(Recorded data)
######
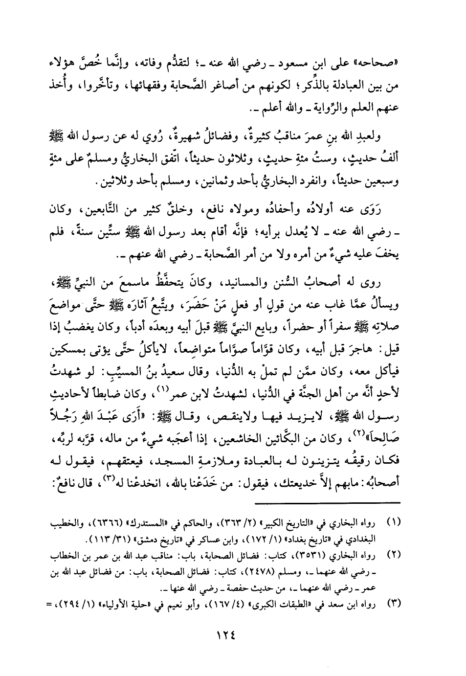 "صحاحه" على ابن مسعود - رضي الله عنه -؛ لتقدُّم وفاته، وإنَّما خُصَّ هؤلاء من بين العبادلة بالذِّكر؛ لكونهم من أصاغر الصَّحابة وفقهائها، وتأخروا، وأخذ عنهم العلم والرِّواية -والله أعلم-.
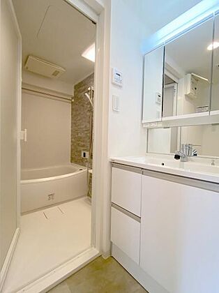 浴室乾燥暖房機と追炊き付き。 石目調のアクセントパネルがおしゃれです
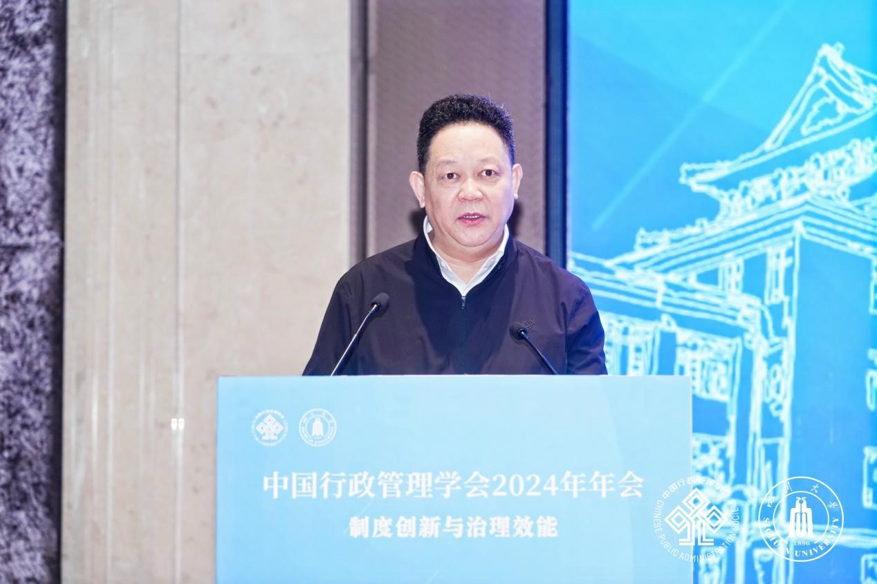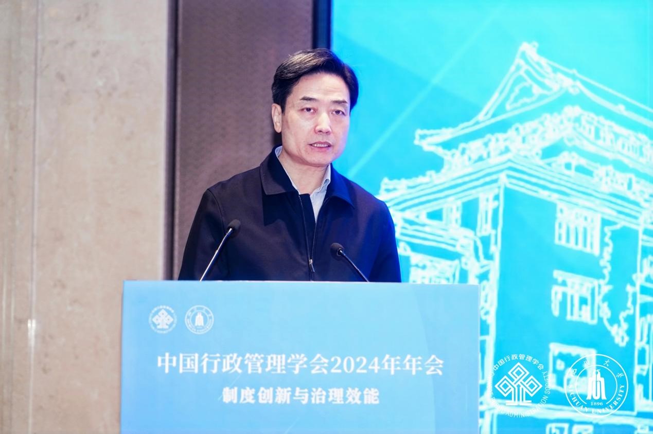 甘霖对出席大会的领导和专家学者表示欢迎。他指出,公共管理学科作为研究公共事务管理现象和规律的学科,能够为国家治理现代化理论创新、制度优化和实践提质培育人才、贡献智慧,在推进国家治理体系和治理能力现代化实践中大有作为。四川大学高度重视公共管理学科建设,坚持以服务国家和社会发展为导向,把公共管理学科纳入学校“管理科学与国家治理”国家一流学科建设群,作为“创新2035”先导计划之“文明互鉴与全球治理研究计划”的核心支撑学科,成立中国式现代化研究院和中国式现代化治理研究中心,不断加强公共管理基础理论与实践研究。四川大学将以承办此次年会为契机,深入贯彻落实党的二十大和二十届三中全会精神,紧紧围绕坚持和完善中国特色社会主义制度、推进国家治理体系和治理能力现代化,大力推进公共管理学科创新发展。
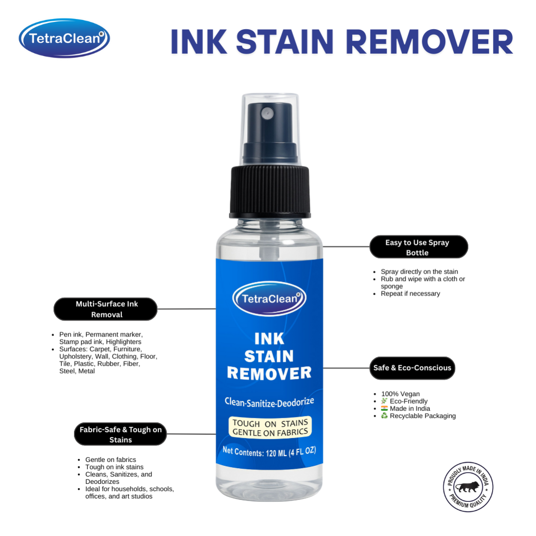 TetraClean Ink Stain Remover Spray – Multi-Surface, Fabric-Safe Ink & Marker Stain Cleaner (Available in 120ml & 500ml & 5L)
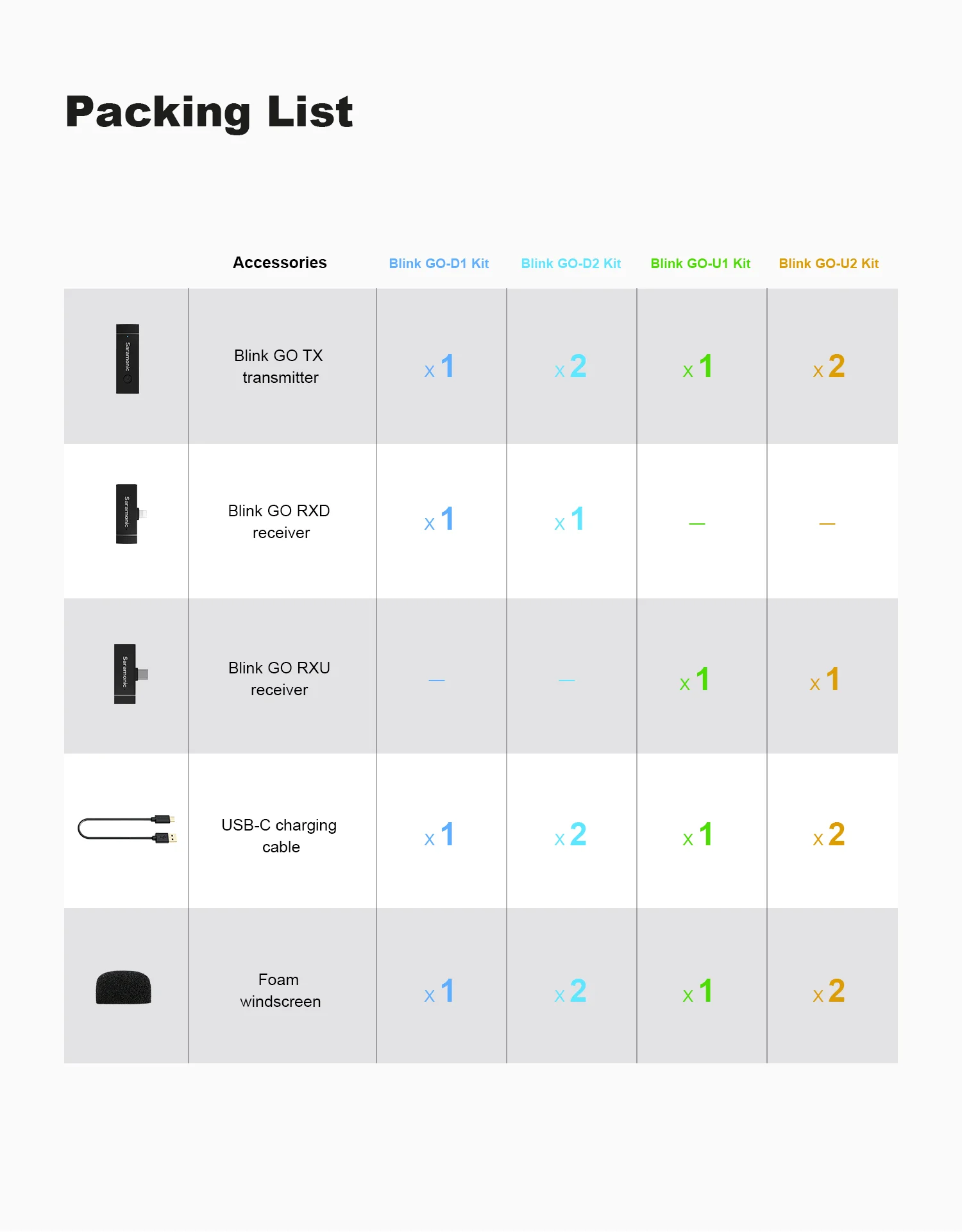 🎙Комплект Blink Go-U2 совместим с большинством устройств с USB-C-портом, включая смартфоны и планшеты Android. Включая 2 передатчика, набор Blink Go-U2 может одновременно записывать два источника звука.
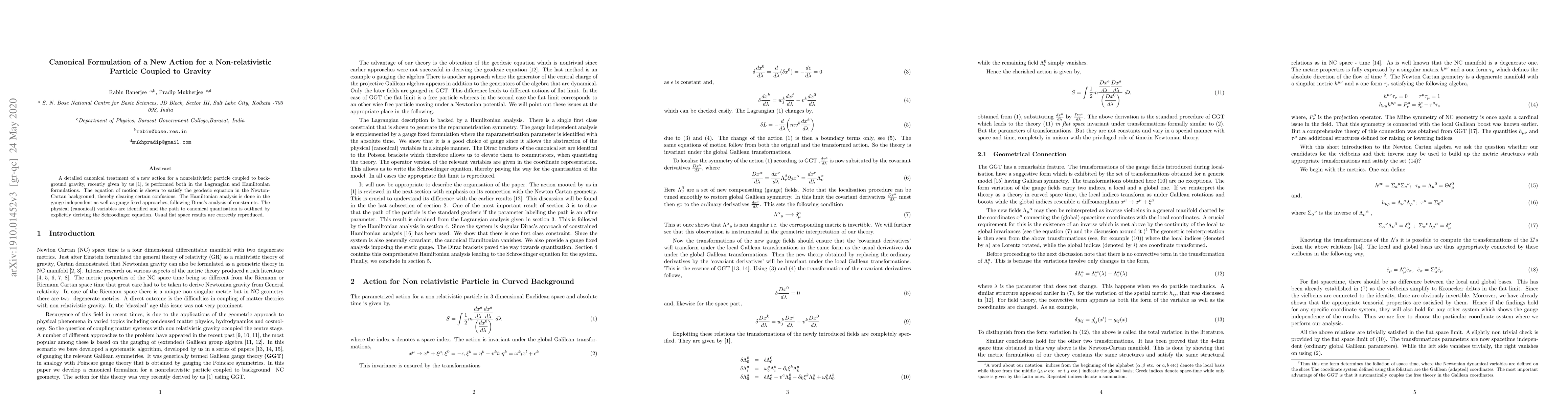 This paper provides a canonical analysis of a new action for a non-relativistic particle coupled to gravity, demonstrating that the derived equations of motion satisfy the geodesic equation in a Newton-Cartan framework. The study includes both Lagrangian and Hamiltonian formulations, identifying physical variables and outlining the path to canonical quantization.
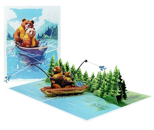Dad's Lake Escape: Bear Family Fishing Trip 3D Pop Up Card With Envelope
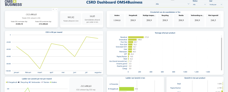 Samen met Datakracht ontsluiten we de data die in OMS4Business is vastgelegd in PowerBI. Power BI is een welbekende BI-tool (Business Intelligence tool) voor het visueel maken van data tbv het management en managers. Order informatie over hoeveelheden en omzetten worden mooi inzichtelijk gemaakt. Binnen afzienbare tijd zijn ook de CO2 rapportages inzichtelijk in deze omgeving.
######
Goal of the exercise ->
Set the entries down again exactly. Do not include the images.

Exercise response ->
 "صحاحه" على ابن مسعود - رضي الله عنه -؛ لتقدُّم وفاته، وإنَّما خُصَّ هؤلاء من بين العبادلة بالذِّكر؛ لكونهم من أصاغر الصَّحابة وفقهائها، وتأخروا، وأخذ عنهم العلم والرِّواية -والله أعلم-.
 浴室乾燥暖房機と追炊き付き。 石目調のアクセントパネルがおしゃれです
 甘霖对出席大会的领导和专家学者表示欢迎。他指出,公共管理学科作为研究公共事务管理现象和规律的学科,能够为国家治理现代化理论创新、制度优化和实践提质培育人才、贡献智慧,在推进国家治理体系和治理能力现代化实践中大有作为。四川大学高度重视公共管理学科建设,坚持以服务国家和社会发展为导向,把公共管理学科纳入学校“管理科学与国家治理”国家一流学科建设群,作为“创新2035”先导计划之“文明互鉴与全球治理研究计划”的核心支撑学科,成立中国式现代化研究院和中国式现代化治理研究中心,不断加强公共管理基础理论与实践研究。四川大学将以承办此次年会为契机,深入贯彻落实党的二十大和二十届三中全会精神,紧紧围绕坚持和完善中国特色社会主义制度、推进国家治理体系和治理能力现代化,大力推进公共管理学科创新发展。
 TetraClean Ink Stain Remover Spray – Multi-Surface, Fabric-Safe Ink & Marker Stain Cleaner (Available in 120ml & 500ml & 5L)
 🎙Комплект Blink Go-U2 совместим с большинством устройств с USB-C-портом, включая смартфоны и планшеты Android. Включая 2 передатчика, набор Blink Go-U2 может одновременно записывать два источника звука.
 This paper provides a canonical analysis of a new action for a non-relativistic particle coupled to gravity, demonstrating that the derived equations of motion satisfy the geodesic equation in a Newton-Cartan framework. The study includes both Lagrangian and Hamiltonian formulations, identifying physical variables and outlining the path to canonical quantization.
Dad's Lake Escape: Bear Family Fishing Trip 3D Pop Up Card With Envelope
 Samen met Datakracht ontsluiten we de data die in OMS4Business is vastgelegd in PowerBI. Power BI is een welbekende BI-tool (Business Intelligence tool) voor het visueel maken van data tbv het management en managers. Order informatie over hoeveelheden en omzetten worden mooi inzichtelijk gemaakt. Binnen afzienbare tijd zijn ook de CO2 rapportages inzichtelijk in deze omgeving.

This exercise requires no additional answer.